Please post a reproducible example at http://rstd.io/forecast-package
Thank you so much for the quick response. Sorry, something went wrong when I tried to use the RStudio Community as this first time to use it. The problem is simply I used your code for the Example with exogenous predictors, but with lm function instead of ARIMA. I got NA.
x1 <- c(23, 43, 42, 65, 20, 23, 20, 16, 14, 72, 12, 14, 22, 14, 98, 11, 20, 22, 24, 44)
X2 <- c(27, 31, 40, 41, 40, 45, 41, 35, 36, 27, 25, 27, 37, 31, 29, 90, 37, 41, 24, 56)
y <- c(13, 14, 15, 16, 17, 18, 19, 20, 21, 22, 23, 24, 25, 66, 44, 76, 88, 99, 55, 33)
X_matrix <- cbind(X1, X2)
fu <- function(x, h, xreg, newxreg) {
forecast(lm(formula,data, xreg = xreg), xreg = newxreg)
}
e<-tsCV(y, fu, xreg = X_matrix)
For a linear model, use tslm
, not lm
.
Dear Rob,
I am doing multi step ahead ex-ante forecast with a model with explanatory variables, for instance if its a 7 days ahead forecast of Y, I need to have 1 to 7 days forecast of X to be used recursively in 1 to seven days forecast of Y. I use a modified version of tscv that allows to have xreg_actual and xreg_forecast, then I use these codes:
far <- function(x, h, xreg, newxreg) {
forecast(Arima(x, order=c(0,0,0), xreg=xreg), xreg=newxreg)
}
xreg_actual <- data.frame(X1=X1_actual,)
xreg_forecast <- data.frame(X1=X1_onestep, X1=X1_twostep,....., X1=X7_sevenstep)
So xreg_actual includes the actual values of X1 and xreg_forecast includes X1_onestep to X7_sevenstep, which are forecasted values of X1 for the validation and test period, and are obtained from another tscv forecast. What I expect is that, each of the elements of xreg_forecast dataframe to be used in forecasting y from one to seven step ahead. for example if h=7, the tscv starts from h=1 and then recursively reaches to h=7, and I want X1_onestep to be used in h=1, X2_twostep to be used in h=2 and so on....

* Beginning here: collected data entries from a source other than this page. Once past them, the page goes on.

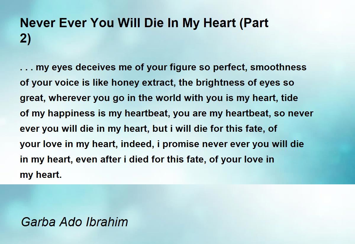 ...my eyes deceives me of your figure so perfect, smoothness of your voice is like honey extract, the brightness of eyes so great, wherever you go in the world with you is my heart, tide of my happiness is my heartbeat, you are my heartbeat, so never ever you will die in my heart, but i will die for this fate, of your love in my heart, indeed, i promise never ever you will die in my heart, even after i died for this fate, of your love in my heart.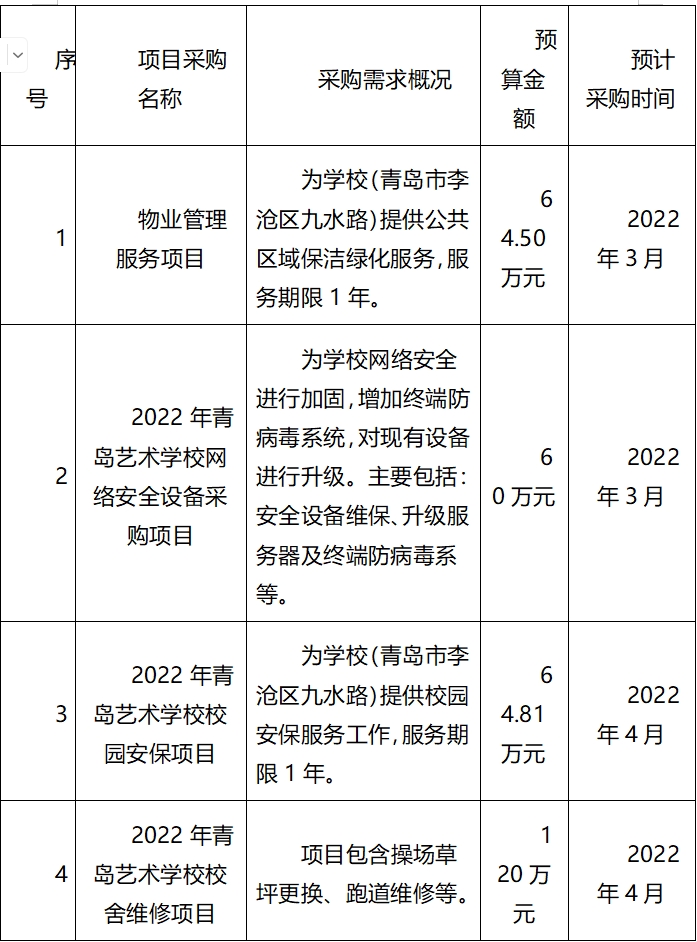 為便于供應商及時了解政府采購信息,根據(jù)《財政部關于開展政府采購意向公開工作的通知》(財庫〔2020〕10號)等有關規(guī)定,現(xiàn)將青島藝術學校2022年3-4月采購意向公開如下: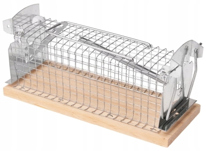 Żywołapka posiada metalową kratę i mechanizm sprężynowy oraz solidną drewnianą podstawę.
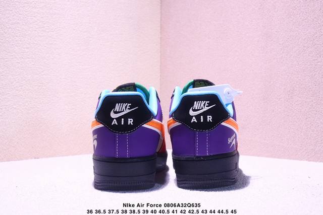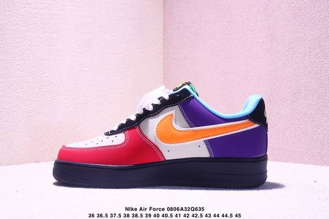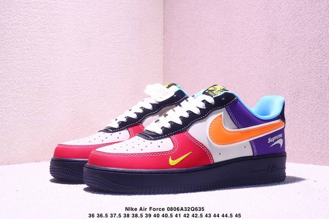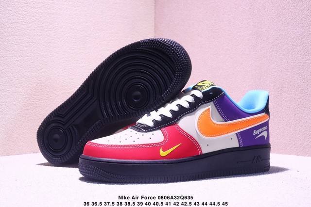 Limited edition overseas sale! Corporate-grade Nike Air Force 1 '07 Low "Supreme Joint Red, Yellow and Purple" Air Force One low-top sneakers and casual shoes. The hem sewing process is difficult. Original last, original cardboard, original shoe box, customized hardware accessories, built-in full-palm air cushion, original sole

So, I made the following loop:
for (i in 1:ncol(xreg_forecast) {
error[[i]]<- data.frame(mytsCV(y, far, h=7, window = 365, initial =10, xreg_actual=xreg_actual,
xreg_forecast=xreg_forecast[[i]]))
}
the loop is generating the errors as it should be, however, I am not sure if the loop is atually doing what I aimed to.
Also Im not sure how can I extend the loop for models with more than one explanatory variables.
Any help is highly appriciated.
Thanks
Increased training data does not lead to overfitting.